Ten slotte hebben partijen de stukken overgelegd en arrest gevraagd.
Beoordeling van het hoger beroep
1. UPC c.s. hebben bij het pleidooi medegedeeld dat UPC Kabel TV & Telecom B.V. als gevolg van een juridische fusie met UPC Nederland B.V. op 31 december 2004 heeft opgehouden te bestaan. De fusie is ingeschreven in het handelsregister. De gemeenten hebben aanvankelijk betwist dat de aangekondigde fusie is geëffectueerd. Zij hebben echter ter zitting desgevraagd niet (meer) betwist dat de door partij UPC c.s. genoemde fusie in het handelsregister is ingeschreven. Daarmee staat voldoende vast dat de fusie is geëffectueerd. Dit brengt mee dat UPC Kabel TV & Telecom B.V. niet (meer) als rechtspersoon bestaat en dat UPC Nederland B.V. als rechtsopvolgster van UPC Kabel TV & Telecom B.V. de procedure op haar eigen naam kan voortzetten. De gemeenten moeten daarom in haar hoger beroep tegen UPC Kabel TV & Telecom B.V. niet-ontvankelijk worden verklaard. Het (principaal en incidenteel) hoger beroep zal verder tussen de gemeenten en UPC Nederland B.V. worden behandeld. UPC Nederland B.V. zal hierna aangeduid worden met UPC.

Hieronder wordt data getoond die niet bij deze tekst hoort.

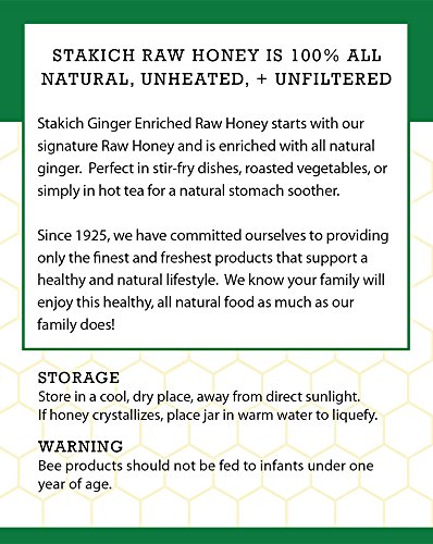 -. Title : Stakich GINGER Enriched RAW HONEY - 100% Pure, Unprocessed, Unheated - 40 oz

2. Gelet op de vaststaande feiten en hetgeen partijen in de procedure naar voren hebben gebracht, gaat het in dit kort geding om het volgende.

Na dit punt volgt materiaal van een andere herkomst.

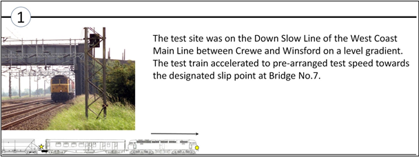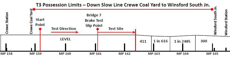 The slip/brake tests were normally carried out on the Down Slow line of the West Coast Main Line between Crewe and Winsford. To ensure safe operation a ‘T3’ possession of the Down Slow line was applied by the Crewe Coal Yard signalman, making sure it was blocked to all traffic and protected by stop boards and detonators at each end of the possession section.
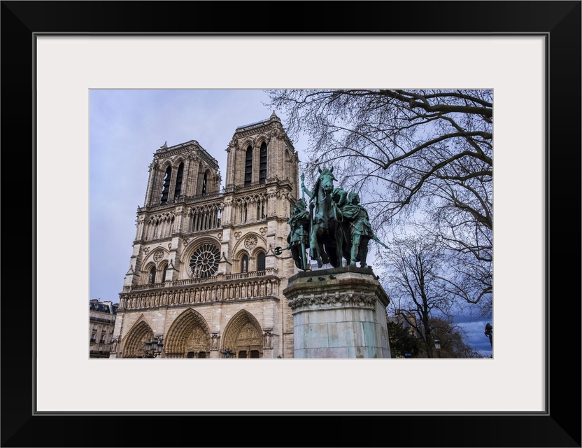 <p>Statue Of Charlemagne In Front Of The Notre Dame Cathedral; Paris, France</p>

2.1 In 1996 hebben de gemeenten (afzonderlijk) de gemeentelijke kabelbedrijven aan een rechtsvoorganger van UPC verkocht. Een en ander is telkens vastgelegd in een aantal exploitatieovereenkomsten d.d. 1 oktober 1996 (hierna: de Exploitatieovereenkomsten). De gemeenten hebben ter bescherming van hun inwoners bedongen dat het abonnementstarief voor het standaardpakket radio- en televisieprogramma's (ook wel Basispakket genoemd) tot en met 31 december 2005 jaarlijks met maximaal 2,5% mocht stijgen, afgezien van de verdiscontering van bepaalde (in de overeenkomst aangeduide) (externe) kostenstijgingen.
2.2 UPC (inclusief haar rechtsvoorgangers) heeft zich vóór 2004 aan die tariefsbepaling gehouden. Echter, zonder toestemming van de gemeenten, heeft zij het tarief voor de levering van het standaardpakket per 1 januari 2004 en voorts per 1 juli 2004 met een veel hoger percentage dan 2,5% verhoogd. De verhoogde tarieven zijn in (voorschot)nota's van Eneco, in combinatie met de energie-nota's, aan de abonnees gefactureerd.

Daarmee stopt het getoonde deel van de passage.